■ SOURCE DATA ■
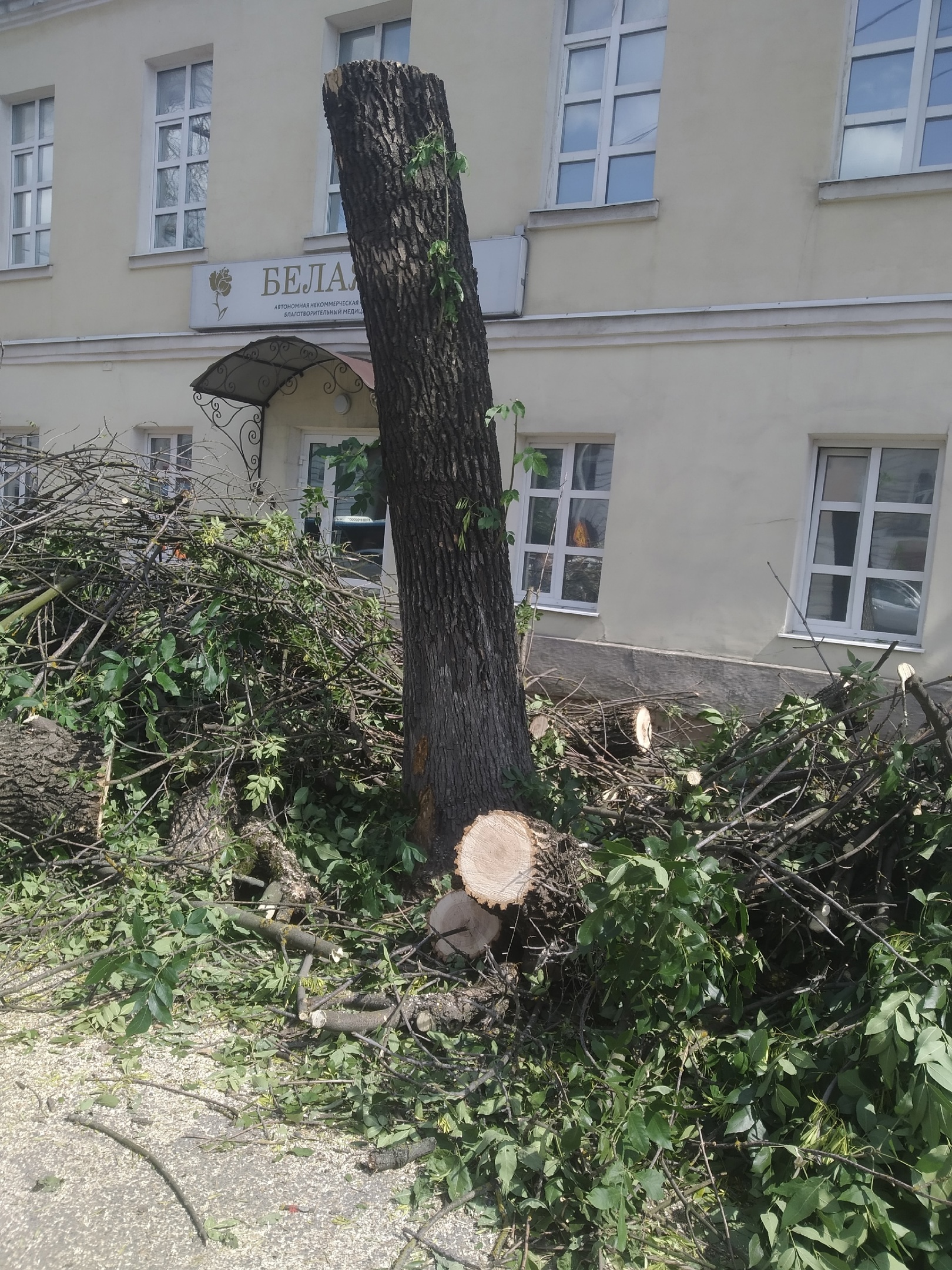 «Я живу в центре (Тверской проспект, дом 15). Все лето ведутся ремонтно — дорожные работы. Попутно удаляется много деревьев. Я очень сомневаюсь, что будут посажены новые.
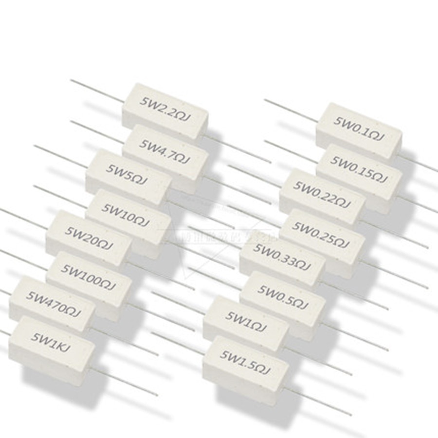 ตัวต้านทานซีเมนต์เชื่อมต่อพลังงาน 5W 5% 0.1 0.22 0.25 0.33 0.5 1 2.2 2.7 4.7 5 10 15 20 22 47 100 โอห์ม 5 ชิ้น
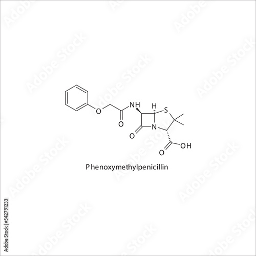 © Basstock, Naklejka premium Phenoxymethylpenicillin flat skeletal molecular structure Penicillin  drug used in bacterial infection treatment. Vector illustration.
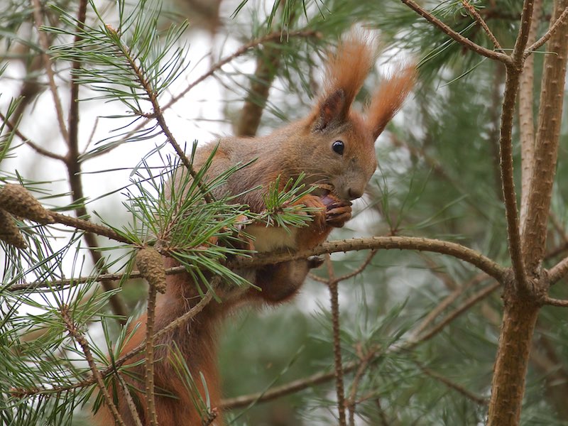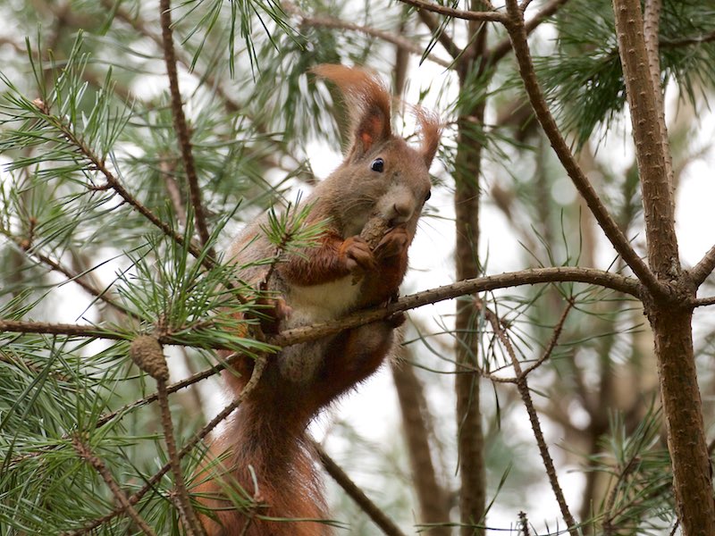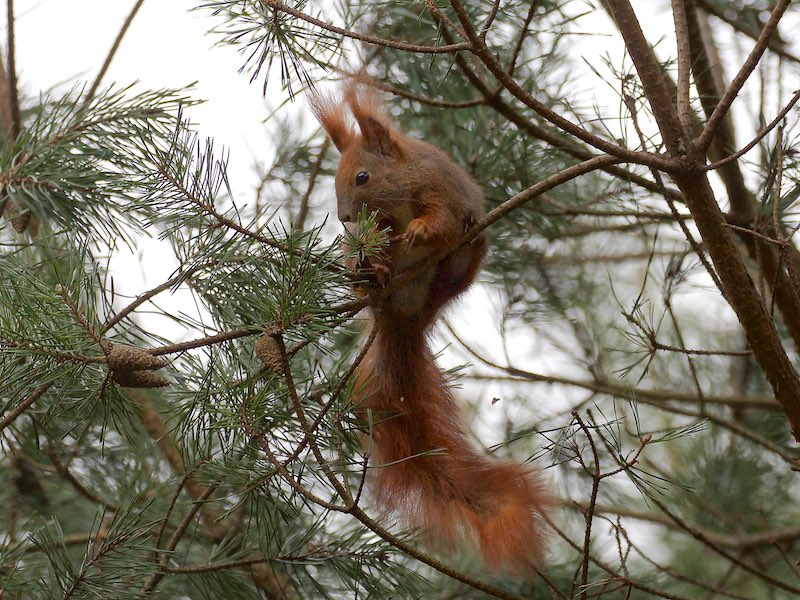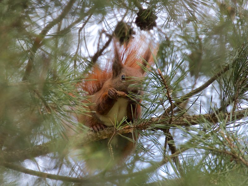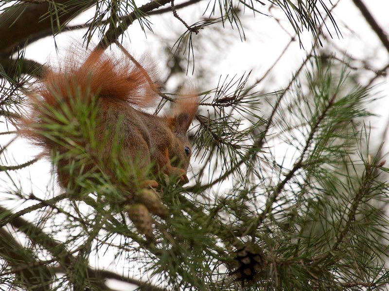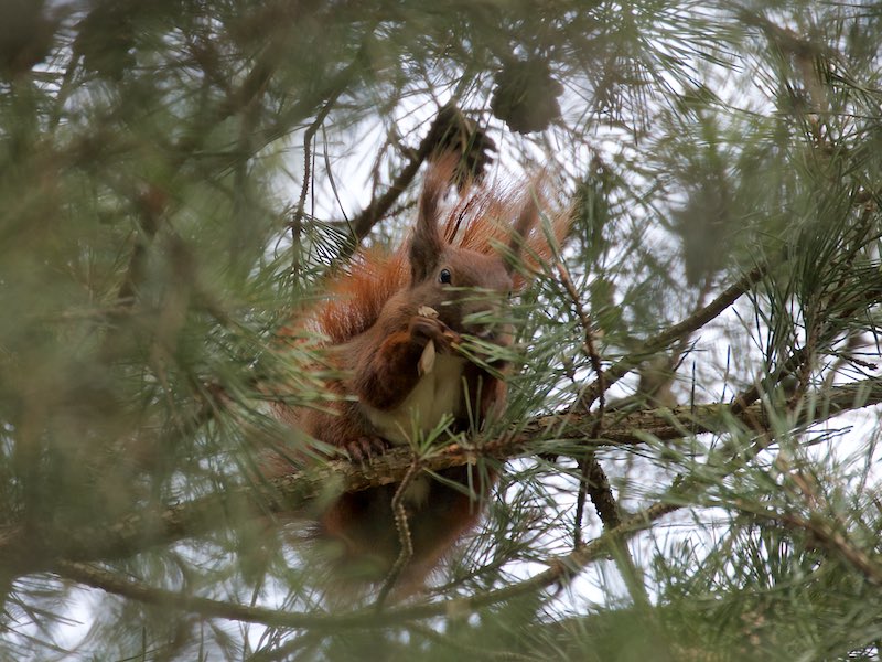 Wer genau hinsieht, kann erkennen, dass es sogar zwei Eichhörnchen sind. Icke hat sich nämlich verliebt und kommt seit ein paar Wochen nur noch mit Partnerin. Beide toben durch's Geäst, dass es eine Freude ist.
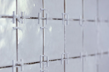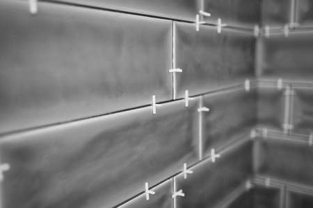 Bathroom renovation, close up details of plastic distancer on ceramic tiles and adhesive on walls

■ EXERCISE DIRECTIONS ■
Omitting all pictures, reproduce the records above in their entirety.

■ RESULT ■
 «Я живу в центре (Тверской проспект, дом 15). Все лето ведутся ремонтно — дорожные работы. Попутно удаляется много деревьев. Я очень сомневаюсь, что будут посажены новые.
 ตัวต้านทานซีเมนต์เชื่อมต่อพลังงาน 5W 5% 0.1 0.22 0.25 0.33 0.5 1 2.2 2.7 4.7 5 10 15 20 22 47 100 โอห์ม 5 ชิ้น
 © Basstock, Naklejka premium Phenoxymethylpenicillin flat skeletal molecular structure Penicillin  drug used in bacterial infection treatment. Vector illustration.
 Wer genau hinsieht, kann erkennen, dass es sogar zwei Eichhörnchen sind. Icke hat sich nämlich verliebt und kommt seit ein paar Wochen nur noch mit Partnerin. Beide toben durch's Geäst, dass es eine Freude ist.
 Bathroom renovation, close up details of plastic distancer on ceramic tiles and adhesive on walls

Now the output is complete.